In hindsight, while the experience provided us with general knowledge and friends, it really felt like going through a whirlwind. The most important piece of knowledge I came across during the incubation period was this book recommendation?—?The Founder’s dilemma. I wished I read the book before I made all of the mistakes I did.

There was a lot of hype (see the blip in mid-2013), tension and stress during the period between me and my ex-schoolmate. We went our separate ways due to differences in vision of how the project should proceed shortly after JDFI Demo Day. It was not long before I grew the team to a size of 6 and had it disbanded, realizing it was naive to scale in size before figuring out the monetization model.

Investor management mistakes

During this period of time, I also managed to commit a bunch of grave mistakes which I vow never to repeat again.

Mistake #1 was being too liberal with the stock allocation. When we incorporated the company, I was naive to believe the team would stay intact in its then configuration all the way through to the end. The cliff before vesting were to begin was only 3 months with full vesting occurring in 2 years. When my ex-schoolmate departed, the cap table was in a total mess with a huge chunk owned by a non-operator and none left for future employees without significant dilution of existing folks. This was the first serious red-flag when it came to fund raising.

Mistake #2 was giving away too much of the company for too little, too early in the project before achieving critical milestones. This was the second serious red-flag that really turned off follow up would-be investors.

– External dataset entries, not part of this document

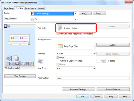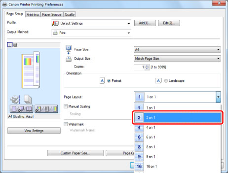 이제 양면에 2 on 1 인쇄가 기본 설정으로 지정되었습니다.
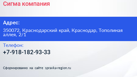 Сигма, компания по адресу 350072, Краснодарский край, Краснодар, Тополиная аллея, 2/1 в дальнейшем Организация, размещена в следующих категориях:
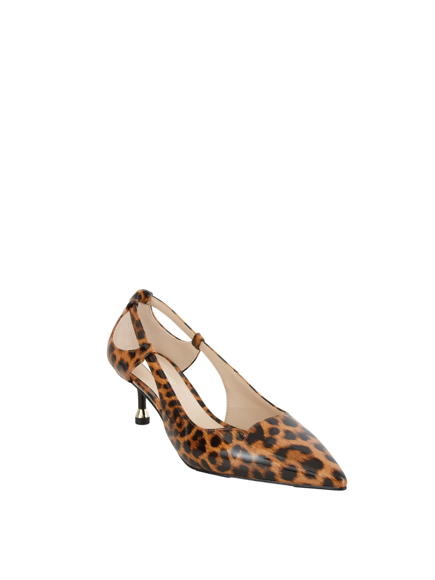 Décolleté con stampa animalier, cut-out, punta affusolata, dettaglio scollo a cuore sul davanti, tacco basso a spillo. Accessorio logato sul dietro. Altezza tacco: 5,5 cm
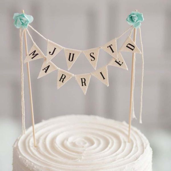 2019 Just Married Wedding Small Banner Cake Topper Romantic
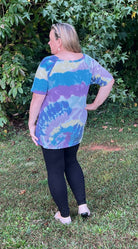 This soft and comfortable short sleeve tie dye tee falls mid thigh (tunic) length. Each of these tops has a different color pattern but features lots of shades of blue, purple and olive. The round neck has a stitched "v" for interest in the front. **Only available in XL.
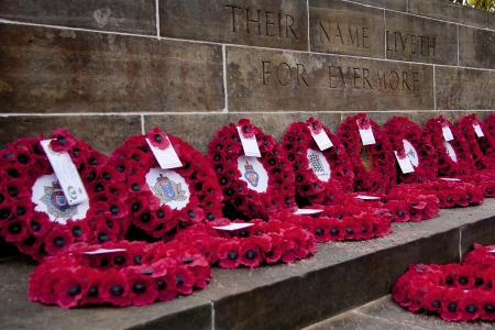 Red poppy wreaths laid at the bottom of a war memorial for Remembrance day
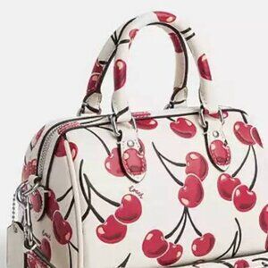 New Coach MINI White and Red Satchel/Crossbody Bag with Cherry Print
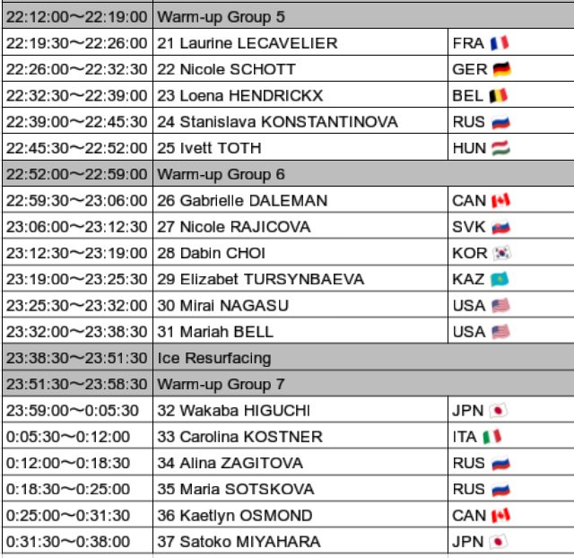 宮原知子は最終37番滑走、ザギトワは34番、樋口新葉は32番 世界選手権女子SP
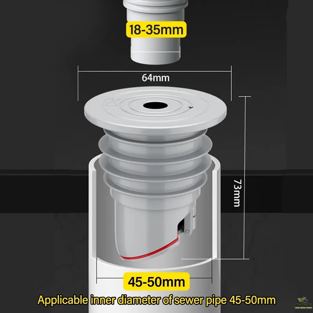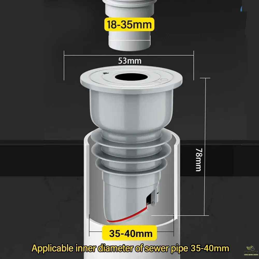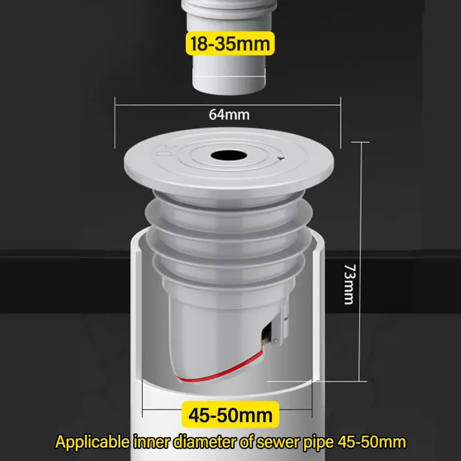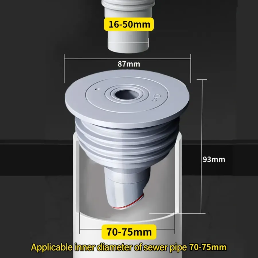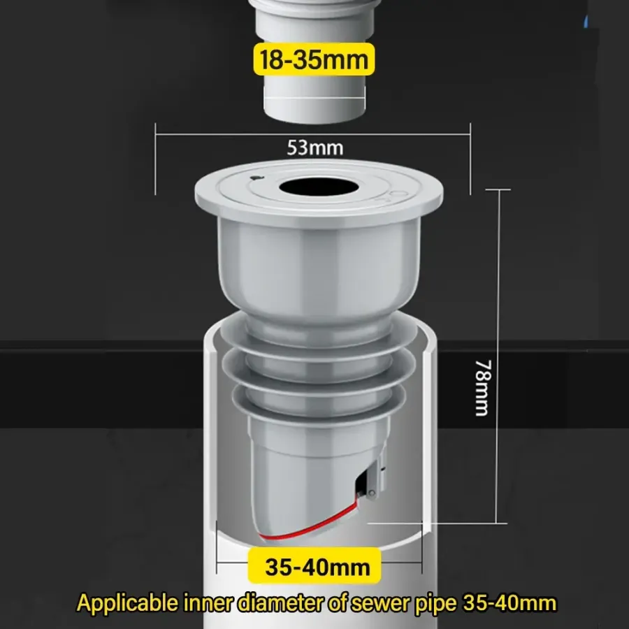 The bathroom pipe plug has a variable diameter design, which can connect to the outer diameter of 16-50MM drain pipes and is suitable for the inner diameter of sewer pipes 35-40 and 45-50 and 70-75.
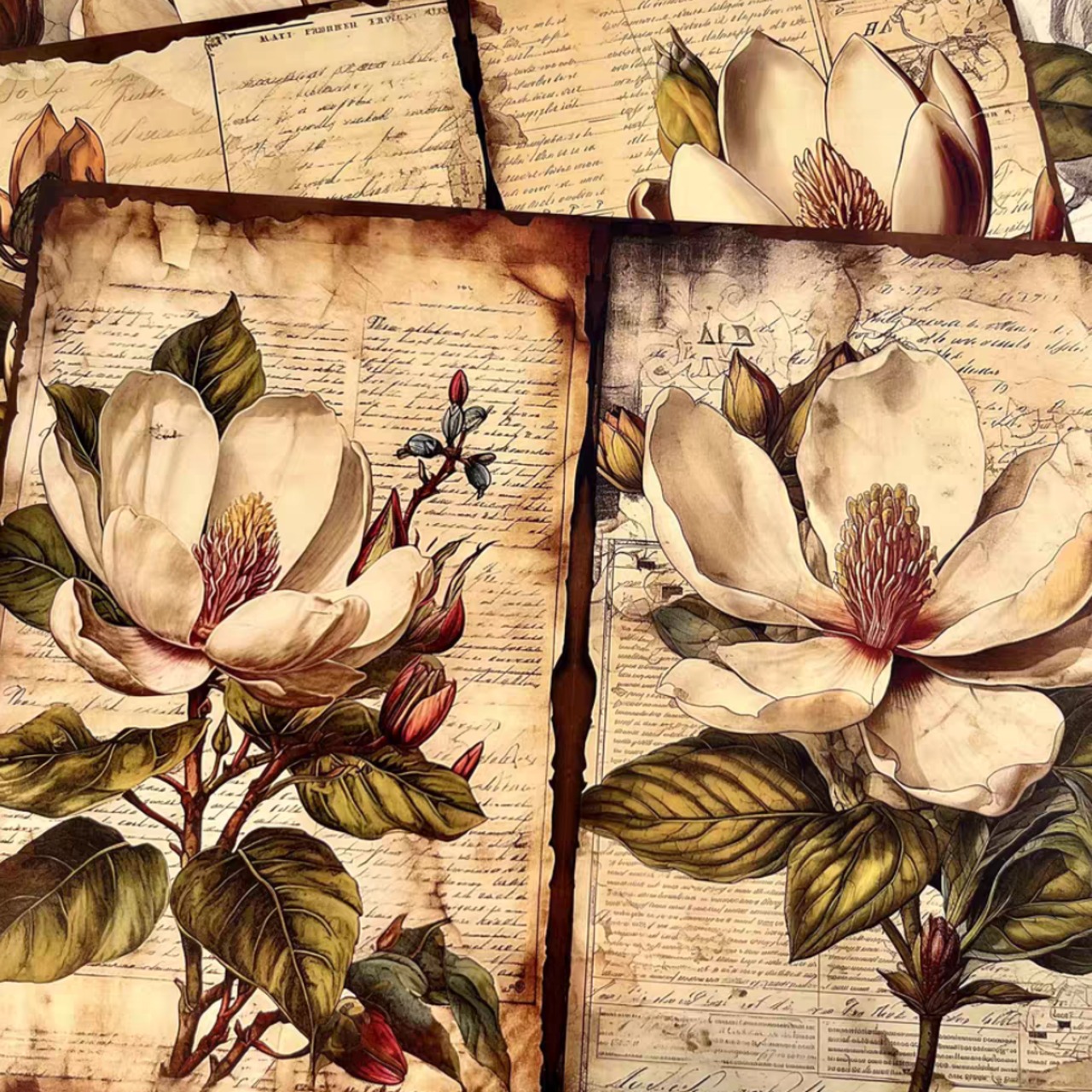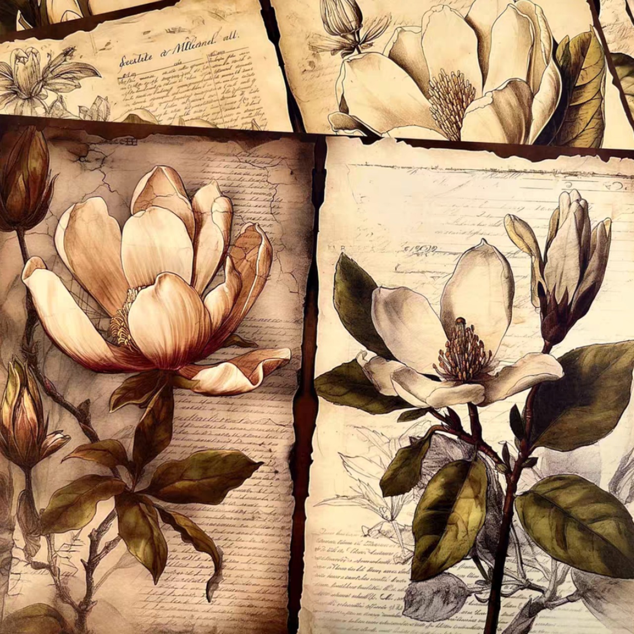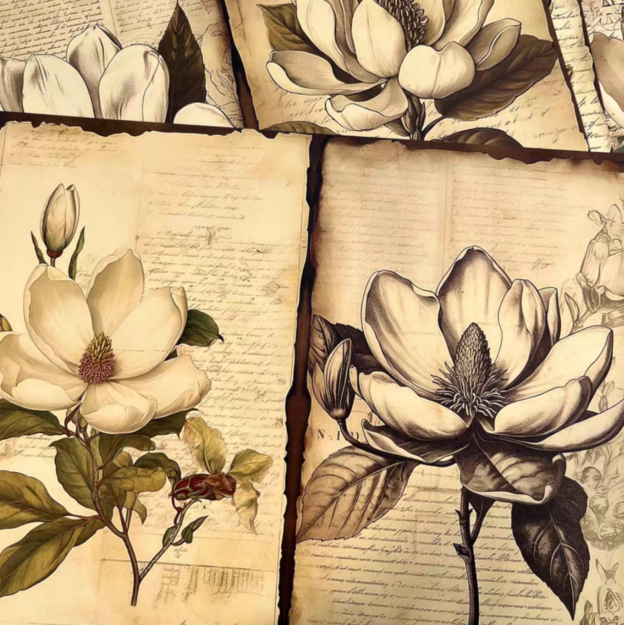 海外 素材紙 モノクロ アメリカンカントリー モクレン

Mistake #3 was not realizing the mindset difference of investors in Asia versus Silicon Valley, and thereafter picking the wrong geographical location (a.k.a network) to incubate the project. Incubating the project in the wrong network can be really detrimental to its future growth. Asian investors are inclined towards investing in applications that have a clear path to monetization while Silicon Valley investors are open towards investing in deep technology of which the path to monetization is yet apparent. During the subsequent period, I saw two similar projects incubated and successfully launched via Ycombinator.

The way I managed to fix the three problems above was to acquire funds I didn’t yet have by taking up a day job while relocating the project to back to the Valley’s network. I count my blessings for having friends who lend a helping hand when I was in a crunch.

Self-doubt

I remembered having the conversation with the head of the incubator two years into the project during my visit back to Singapore when he tried to convince me the project was going nowhere and I should just throw in the towel. I managed to convince him and more importantly myself to give it go for another 6 months till the end of the year.

I remember the evenings and weekends alone in my room while not working on my day job. In between spurts of coding, I would browse through the web or sit staring at the wall trying to envision how product market fit would look like. As what Steve Jobs mentioned once in his lecture, it felt like pushing against a wall with no signs of progress or movement whatever so. If anything, it was a lot of frustration, self-doubt and dejection. A few times, I felt like throwing in the towel and just giving up. For a period of 6 months in 2014, I actually stopped touching the code in total exasperation and just left the project running on auto-pilot, swearing to never look at it again.

The hiatus was not to last long though. A calling is just like the siren, even if somewhat faint sometimes, it calls out to you in the depths of night or when just strolling along on the serene beaches of California. It was not long before I was back on my MacBook plowing through the project again with renewed vigor.

First signs of life

It was mid-2015, the project was still not showing signs of any form of traction. I had by then stockpiled some cash from my day job and was starting to get interested in acquiring a piece of real estate with the hope of generating some cashflow to bootstrap the project while freeing up my own time. It was during this period of time that I got introduced to my friend’s room mate who also happened to be interested in real estate.

We started meeting on weekends and utilizing GetData.IO to gather real estate data for our real estate investment purposes. We were gonna perform machine learning for real estate. The scope of the project was really demanding. It was during this period of dog fooding that I started understanding how users would use GetData.IO. It was also then when I realized how shitty and unsuited the infrastructure was for the kind and scale of data harvesting required for projects like ours. It catalyzed a full rewrite of the infrastructure over the course of the next two years as well as brought the semantic query language to maturity.

Technical challenges

Similar to what Max Levchin mentioned in the book Founder’s at work, during this period of time there was always this fear in the back of my mind that I would encounter technical challenges which would be unsolvable.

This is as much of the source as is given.